The Tor Project and security experts are concerned about the implications of the recent global law enforcement operation in which hundreds of hidden services running on the Tor anonymity network have been shut down. 

Last week, law enforcement authorities in the United States and Europe announced the arrests of 17 individuals suspected of being vendors and administrators on illegal online marketplaces that rely on the Tor network to keep the identity of their users and operators hidden. One of the arrested people is Blake Benthall, believed to be the operator of Silk Road 2.0, a black market bazaar for money laundering and drugs.

According to Europol, 410 Tor hidden services were taken down. In addition, $1 million in Bitcoins, and €180,000 ($224,000) in cash, dugs, silver and gold were seized as part of the campaign dubbed Operation Onymous.

Benthall was tracked down by authorities after agents infiltrated Silk Road 2.0 staff, but there are numerous unanswered questions regarding the methods used by law enforcement to locate the other targeted hidden services.

The operator of Doxbin, a site hosting personally identifiable information that was shut down as part of the Onymous campaign, reached out to the Tor Project in hopes that they can help him figure out what happened. Doxbin had been using German company Hetzner for hosting, but 129 of the seized hidden services had been hosted by a Bulgarian company, according to a statement from the Bulgarian State Agency for National Security.

Locating Tor hidden services

 In a blog post published on Sunday, the Tor Project said it had not been contacted either directly or indirectly by Europol or the other law enforcement agency involved in the operation.

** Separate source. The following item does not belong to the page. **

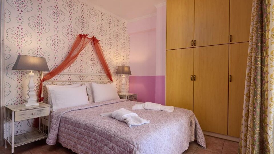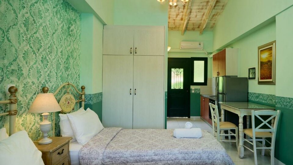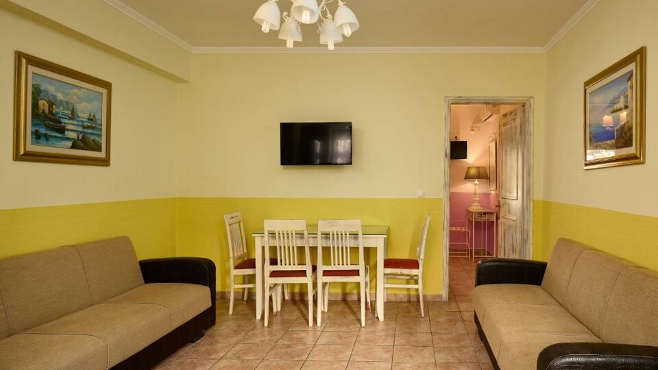 Apartman - smeštajne jedinice sa francuskim ležajem u spavaćoj sobi i dve sofe u dnevnom boravku . Imaju mini kuhinju i verandu sa pogledom na dvorište ili bazen. Maksimalni broj osoba u sobi su pet.
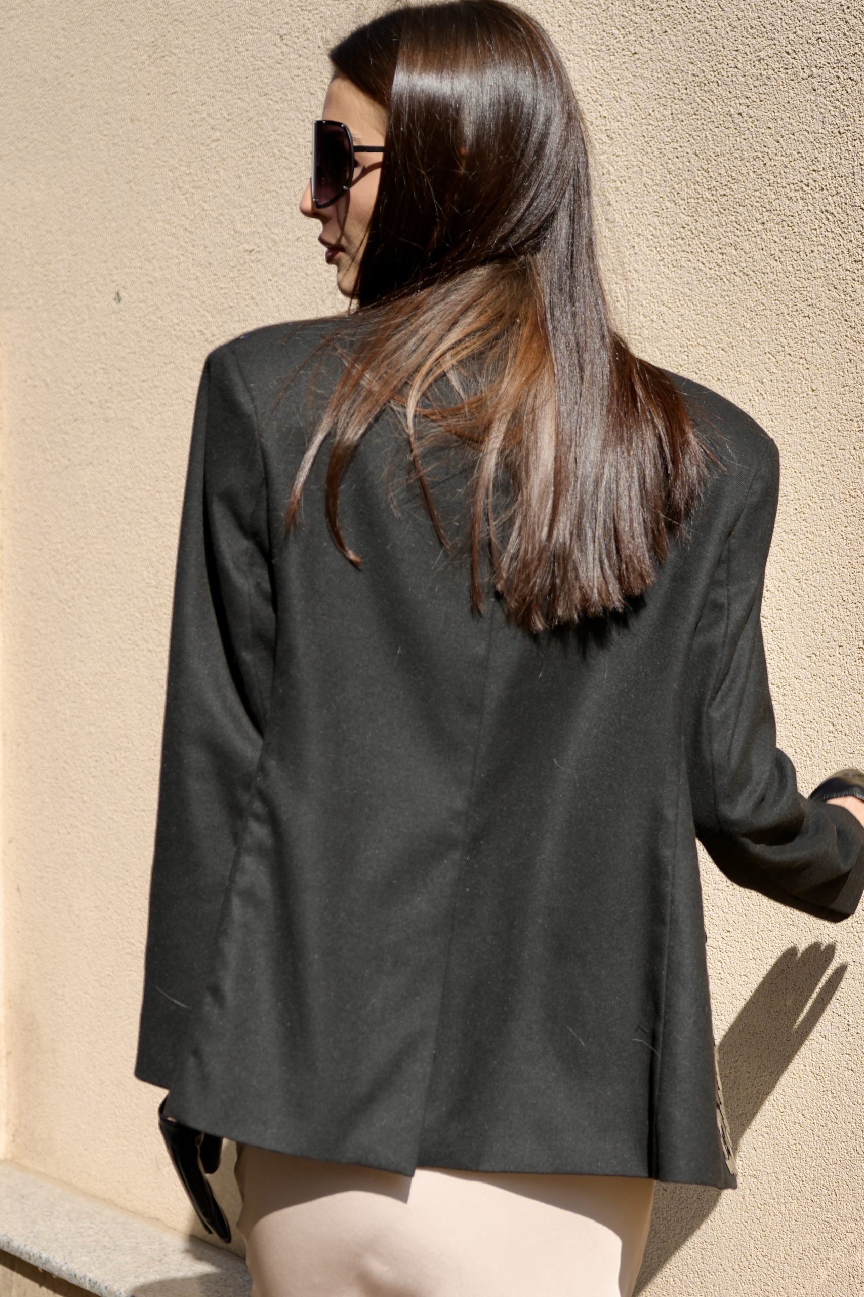 Удължената кройка със структурирани рамена придава елегантност, а блясъкът на пайетите го превръща в акцент във всяка визия.

“Tor is most interested in understanding how these services were located, and if this indicates a security weakness in Tor hidden services that could be exploited by criminals or secret police repressing dissents. We are also interested in learning why the authorities seized Tor relays even though their operation was targeting hidden services. Were these two events related?,” the Tor Project said.

Advertisement. Scroll to continue reading.

For the time being, Tor says it doesn’t know how the hidden services were located by investigators, but hopes to get an answer when the 17 arrested suspects are prosecuted. One plausible scenario, according to representatives of the anonymity network, is that the operators of the hidden services shut down by authorities “failed to use adequate operational security.”

Another explanation could be that the targeted websites were plagued by vulnerabilities, such as SQL Injection. The Tor Project says this is a plausible scenario because many of the sites are “quickly-coded e-shops with a big attack surface.”

Researchers have demonstrated recently that it’s possible to deanonymize Bitcoin clients even if they use Tor. It’s possible that the seized services used Bitcoin clients and were located through such deanonymization attacks.  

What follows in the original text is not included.